Each year, a new cohort of middle school students learn with SAAM through this engaging program which combines art and historical analysis, visual literacy, content research, creative writing, communication and oratory skills. This year, 448 sixth-, seventh-, and eighth- graders from Alice Deal Middle School, Ida B. Wells Middle School, and Capital City Public Charter School participated.
Students began the program with school visits from Elizabeth Dale-Deines, SAAM’s Head of Teaching & Learning, who manages “Creating American Stories” with generous funding support from the William Randolph Hearst Foundation. Classroom sessions introducing students to the process of “reading” an artwork were followed by visits to SAAM galleries for thematic tours, deep looking at works of art, and writing exercises.
Back at school, students selected an artwork from their museum experience as a prompt, and teachers worked with them to produce original creative writing inspired by art. Students grappled with questions like: What can art teach us about doing the right thing, even when it's difficult? How can we read history through multiple lenses? How are people and places connected? How can art express cultural identity?
The museum then gathered all their writings together, designed and published digital books to showcase their thoughts, and then the culminating student showcase and reception was hosted at SAAM. Students were coached in their creative writing presentations by spoken-word artist Joseph Green who had them standing proud on the stage—no hiding behind that massive Smithsonian podium! Green served as the master of ceremonies himself, teaching students to take center stage to ensure their voices would shine. One team presented in Spanish, and Green shared a poem to close out the evening.
Following the showcase, attendees had special after-hours access to SAAM galleries and enjoyed a reception in our glass-covered Kogod Courtyard.
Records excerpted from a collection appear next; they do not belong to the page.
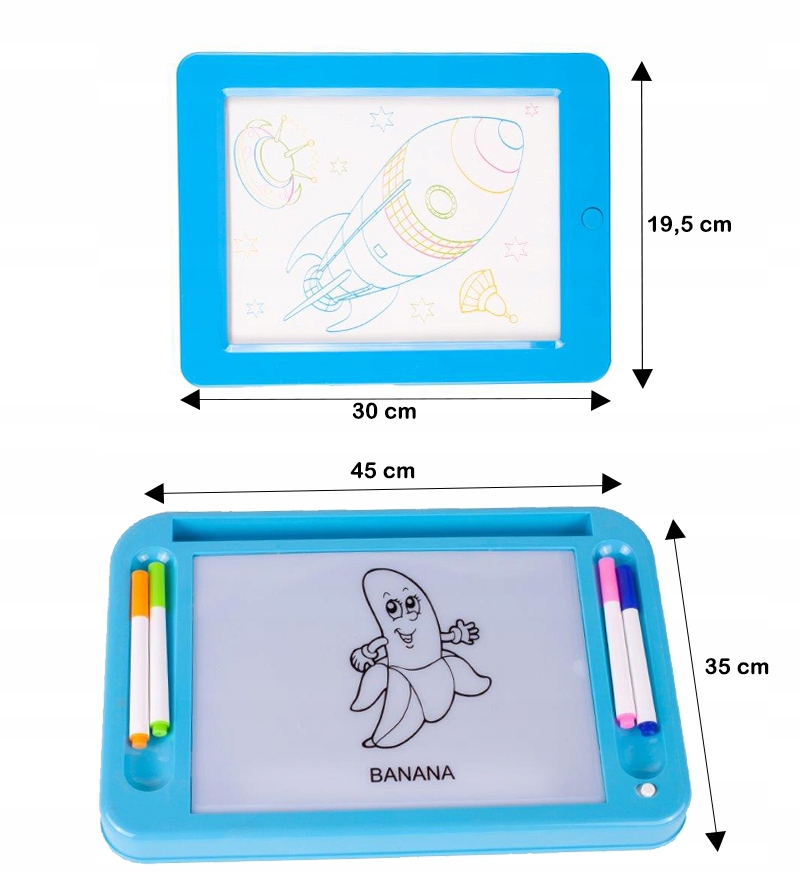ZESTAW DWÓCH PODŚWIETLANYCH TABLIC do rysowania z pisakami, okularami 3D i szablonami
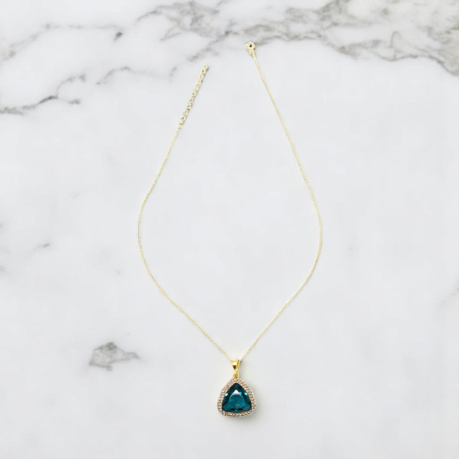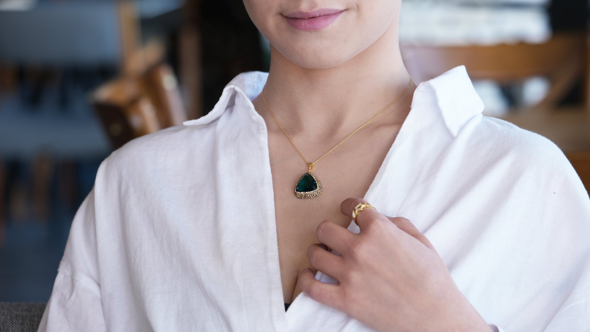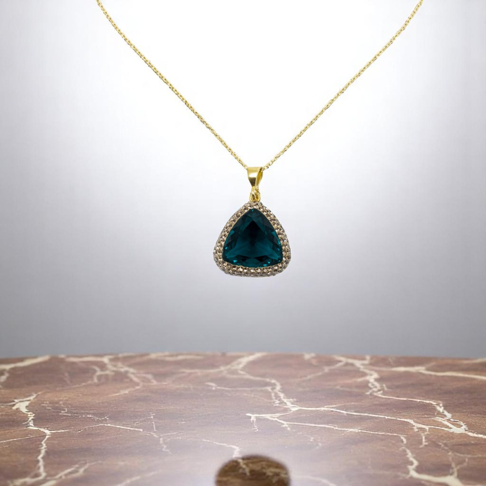Gold Emerald Necklace with sparkly triangle shade that catches the eye.
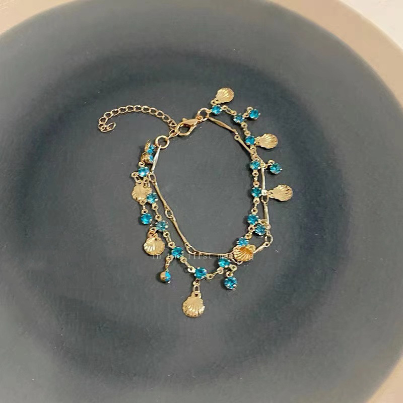 海的女儿~蓝色锆石金色贝壳项链百搭手链小众设计感轻奢首饰
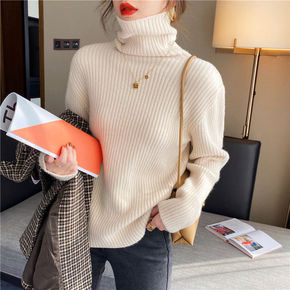 包芯纱高领坑条打底针织衫女2021秋冬新款宽松显瘦...
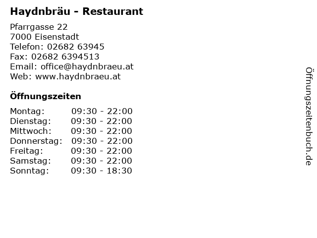 | Öffnungszeiten Haydnbräu - Restaurant in Eisenstadt anzeigen | |
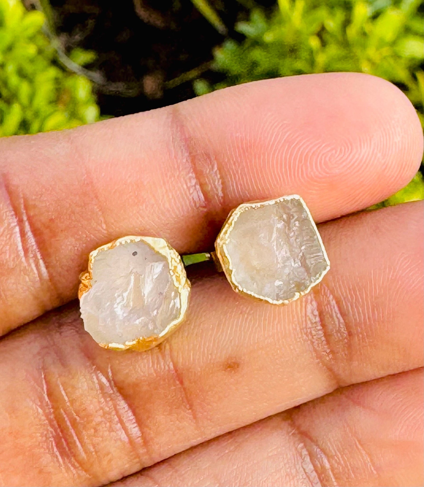 Handcrafted with love and attention to detail, these earrings showcase the raw beauty of natural gemstones. Each stone is carefully selected for its unique shape and color, then delicately electroplated to enhance its natural appeal. The rich, raw textures combined with the shimmering electroplated finish create a mesmerizing contrast that will make a statement wherever you go. These earrings are the perfect accessory to add a touch of elegance and sophistication to any outfit. Whether for a special occasion or daily wear, these Raw Electroplated Gemstone Stud Earrings are sure to turn heads and be cherished for years to come.
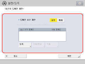 이메일이 송신되는 도메인을 제한할 수 있습니다. 이메일을 지정된 도메인의 이메일 주소로만 송신되도록 함으로써 정보 누출을 방지할 수 있습니다. 아래 절차에 따라 송신처 도메인을 지정합니다.
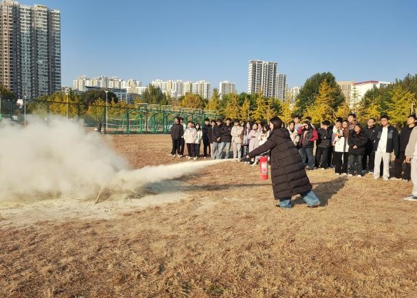 实操演练环节是此次活动的核心内容。在篮球场南侧空地演练场,工作人员点燃了废弃物火堆,熊熊燃烧的烈火让大家真实感受到水火无情。随后师生轮流上阵,相互配合,亲身体验使用灭火器扑灭模拟火点,大家在实践中不断总结经验,切实掌握了操作技能。
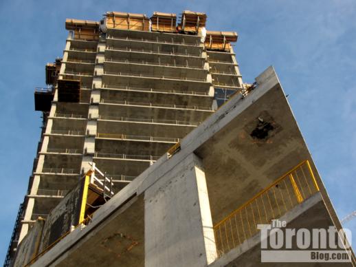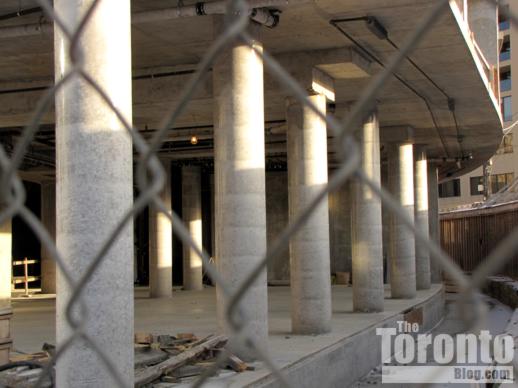 A project of Aspen Ridge Homes, the dual-purpose complex at 77 Charles West was designed by Yann Weymouth of international architecture firm HOK. You can read exactly how Weymouth has integrated two separate buildings into one mixed-use structure in this informative March 16 2007 column by John Bentley Mays of The Globe and Mail, so I won’t repeat those details here. Will Weymouth’s design vision for this unusual building combination succeed? We should be able to tell if he’s managed to pull it off once Seventy Seven’s glass curtain wall starts taking form, likely later this year.
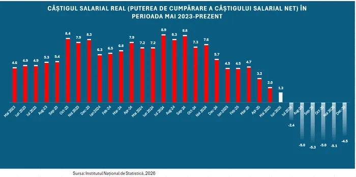 Datele Institutului Național de Statistică indică scăderi puternice în perioada mai 2025-decembrie 2025: 6,5% la salariații din Sănătate și asistență socială, minus 10,1% în sectorul Administrație Publică și Apărare și un record de minus 12,5% în Învățământ. Puterea de cumpărare a pensiilor și prestațiilor sociale s-a prăbușit în ultimele luni ale anului trecut, evidențiind cea mai mare prăbușire din ultimii 25 de ani. Scăderile masive ale puterii de cumpărare validează difuzia recesiunii în economie.
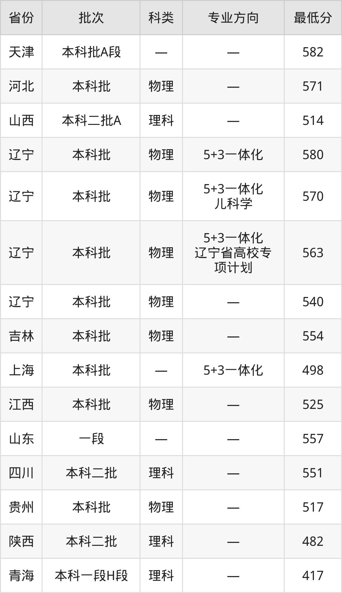 辽宁中医药大学中医学专业录取分数线从417分到582分不等,在部分地区的最低分数线如下:
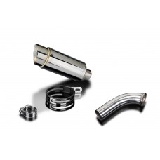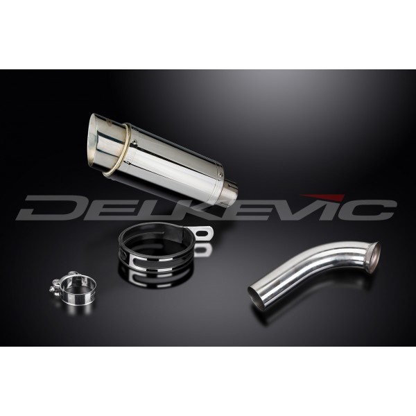 • This set includes - Delkevic silencer with a removable baffle, link pipe, clamps, and strap.

With refreshments catered by D.C. Central Kitchen, a nonprofit and social enterprise that combats hunger and poverty through job training and job creation, many attendees commented on an evening filled with learning and social impact. One parent noted “I feel inspired by what I saw, the youth and their ideas here tonight,” while a proud grandparent shared that “these young people gave me hope for our future.”
Each student reader received the gift of a book for their bravery in mounting those stage steps and addressing a large audience of peers, parents and educators. One attendee commented on the students’ poise in front of a large, live audience: “I want to applaud the courage of these kids to get up on that stage and be so articulate. They were so amazing. The depth of their understanding of current issues and relating that and their experience to art. Incredible!”
We are proud to amplify these young voices as they engage with contemporary issues and ideas inspired by art. Since 2004, 7,685 students have created their own American stories at SAAM. Myles Bell, a student who participated in the program in 2019, tapped into his own power through the oratory experience. “Delivering my speech on the stage was, in one word, empowering. It was my chance to show how I felt and just let my emotions flow freely. No one was lecturing me or giving me instructions. It was just plain, raw, speaking from the heart. It allowed my poem to come alive and, hopefully, give others the same effect the painting had on me.”